Книга Шестьдесят рассказов, страница 107. Автор книги Дино Буццати

Разделитель для чтения книг в онлайн библиотеке

Онлайн книга «Шестьдесят рассказов»

Cтраница 107

И препроводили меня в уединенную долину, где в убогом шалаше сидел облаченный в лохмотья старичок с белоснежной бородой. Он, как мне сказали, созерцал природу, умиленно внимая Богу. Скажу не таясь: никогда прежде не встречал я более ясного, безмятежного и воистину счастливого человека. Но было уже поздно ломать свою жизнь».

Все это рассказал могучий правитель острова ученому мужу. Тот поведал историю богатому купцу, а купец передал ее нищему страннику, пришедшему в его дом просить милостыню. Всех их звали Морро. И все они, кто по одной причине, кто по другой, имели прозвище Великий, — закончил свою повесть старичок.

В сумраке темницы кто-то спросил:

— Ежели у меня башка не набита соломой, выходит, ты и есть тот проклятый старикашка из шалаша, самый великий из всех?

— Эх, дети мои, — молвил старик уклончиво, — забавная это штука — жизнь!

И тогда слушавшие его воры и убийцы умолкли, ибо есть вещи, которые заставляют призадуматься даже самых отпетых негодяев.

54 ЗАПРЕТНОЕ СЛОВО © Перевод. А. Велесик, 2010

Слушая туманные намеки, двусмысленные шутки, осторожные недомолвки, невнятные перешептывания, я догадался, что в городе, где я живу четвертый месяц, запрещено употреблять какое-то слово. Но какое? Этого я понять не в состоянии. Может, это странное, необычное слово, а может, наоборот, самое что ни на есть обыкновенное. В таком случае для меня как писателя подобное обстоятельство чревато массой неудобств.

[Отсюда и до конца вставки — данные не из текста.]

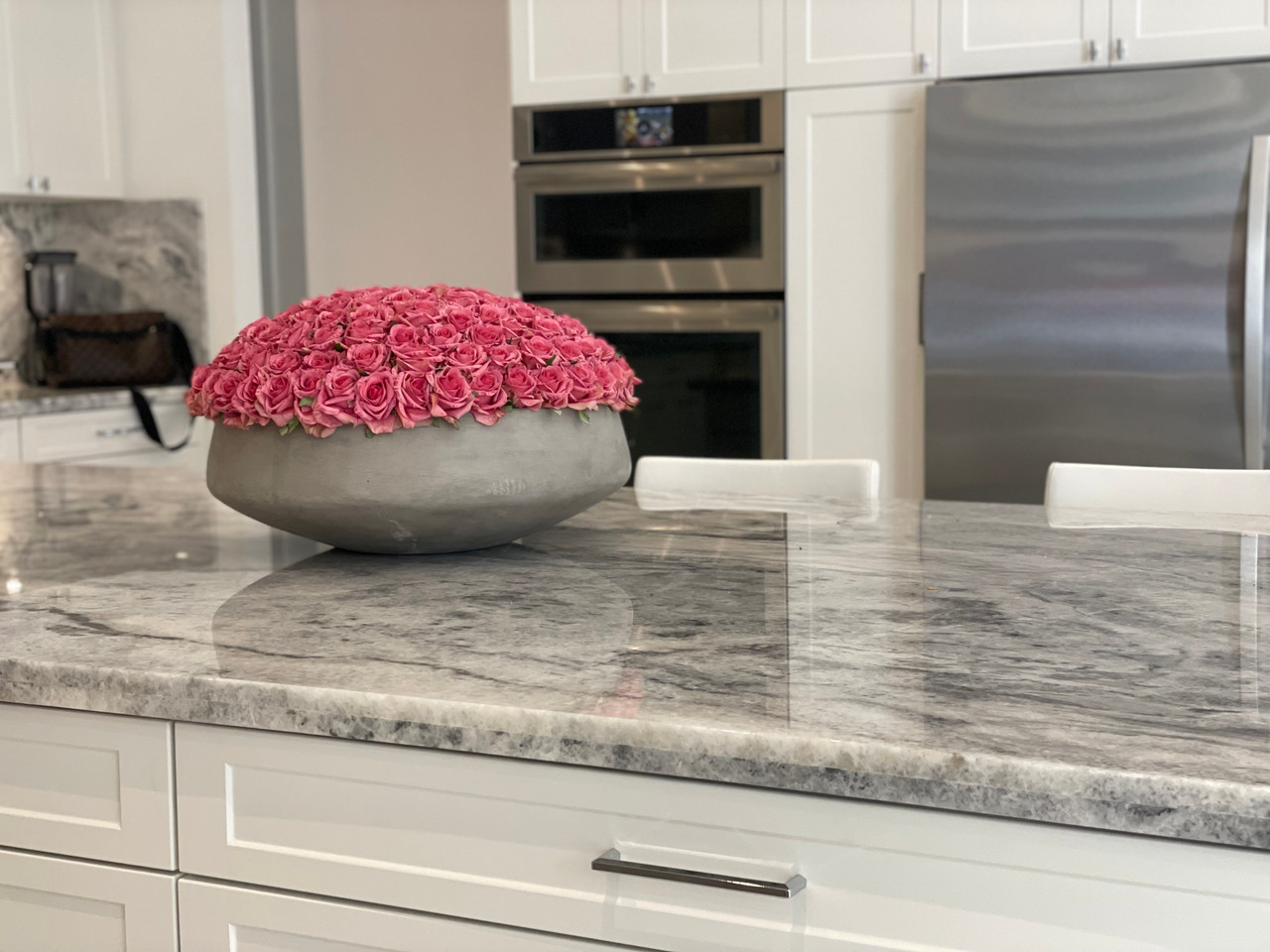 Beautiful, romantic and as realistic as you can possibly get, these pink stem-cut roses are perfectly arranged in our light weight “concrete” bowl – an oversized bowl featuring lightweight fiberstone construction giving it a concrete look. Nothing says “romance” quite like the look of roses. This beautifully hand crafted half topiary carries over 60 real touch pink roses. The topiary itself is impressive and is an ideal choice to adorn your next candlelight dinner, your home entryway, dining room or living room table, or anywhere you want a timeless flower arrangement.

Снедаемый тревогой и любопытством, я отправился к моему приятелю Джеронимо. Он умнее всех, кого я здесь знаю, и живет в городе двадцать лет. Уж он-то объяснит, в чем тут дело.

— Да, ты прав, — сразу согласился Джеронимо. — У нас действительно есть запретное слово, люди стараются его не употреблять.

— Какое же это слово?

— Видишь ли, — сказал мой приятель, — я знаю, ты человек порядочный и тебе можно доверять… Кроме того, я твой друг. Так вот, поверь, будет лучше, если я тебе ничего не скажу. Я в этом городе без малого двадцать лет. Меня здесь приняли, дали работу, я могу ни в чем себе не отказывать… Такое надо ценить. Я добровольно принял законы этого города, хороши они или плохи. Ничто не мешает мне уехать, и все же я остаюсь. Я вовсе не собираюсь изображать из себя философа, этакого Сократа, отказавшегося бежать из тюрьмы. Но я действительно не хочу нарушать неписаные законы города, гражданином которого я себя считаю. Господь рассудит, мелочи это или нет…

— Но ведь тебя никто не слышит, и ты можешь говорить совершенно… Открой мне это проклятое слово. Кто тебя выдаст? Не я же!

— Замечу тебе, — улыбнулся Джеронимо, — что ты рассуждаешь, как рассуждали наши предки. Ты думаешь, ослушника ждет расправа? Когда-то действительно считали, что сила закона в наказании. И были правы. Но эти времена давно в прошлом. Чтобы закон был непреложен, совершенно не обязательно подкреплять его суровыми мерами. Слава Богу, мы не в каменном веке.

— Что же тебя удерживает? Совесть?

— Эх, совесть! Кто сейчас о ней вспоминает? А ведь совесть веками оказывала людям неоценимые услуги! Только ей приходилось подделываться под каждую эпоху, и сегодня ее почти не узнать. Она упростилась, успокоилась, она не так навязчива и требовательна, как раньше.

— Что-то я не очень понимаю…

— Ах да, не хватает логического обоснования. На простом языке это называется приспособленчеством. Приспособленец всегда спокоен, ведь он на ты с этой жизнью. Если же он порвет с нормой, то его ждут смятение, тревога, растерянность.

— И это все?

— Какое там все! Приспособленчество — страшная сила, она куда страшнее атомной бомбы. Конечно, она везде проявляется по-разному. У приспособленчества, между прочим, тоже своя география. В других странах оно, замечу тебе, пока в зачатке и проявляется беспорядочно. Типичный пример — мода. Что касается развитых стран, то приспособленчество там давно в ходу, оно, можно сказать, висит в воздухе. А правит бал государство.

— И у нас тоже?

— В общем, да. Запрещение слова было мудрым решением правительства, а цель его — проверка соглашательской зрелости населения. Что-то вроде теста. Главное, что результат превзошел все ожидания. Запрещенное слово превратилось в настоящее табу. Теперь его днем с огнем не сыщешь. Люди сразу сообразили, что от них требуется, и никакие доносы не нужны, никакие штрафы и тюрьмы.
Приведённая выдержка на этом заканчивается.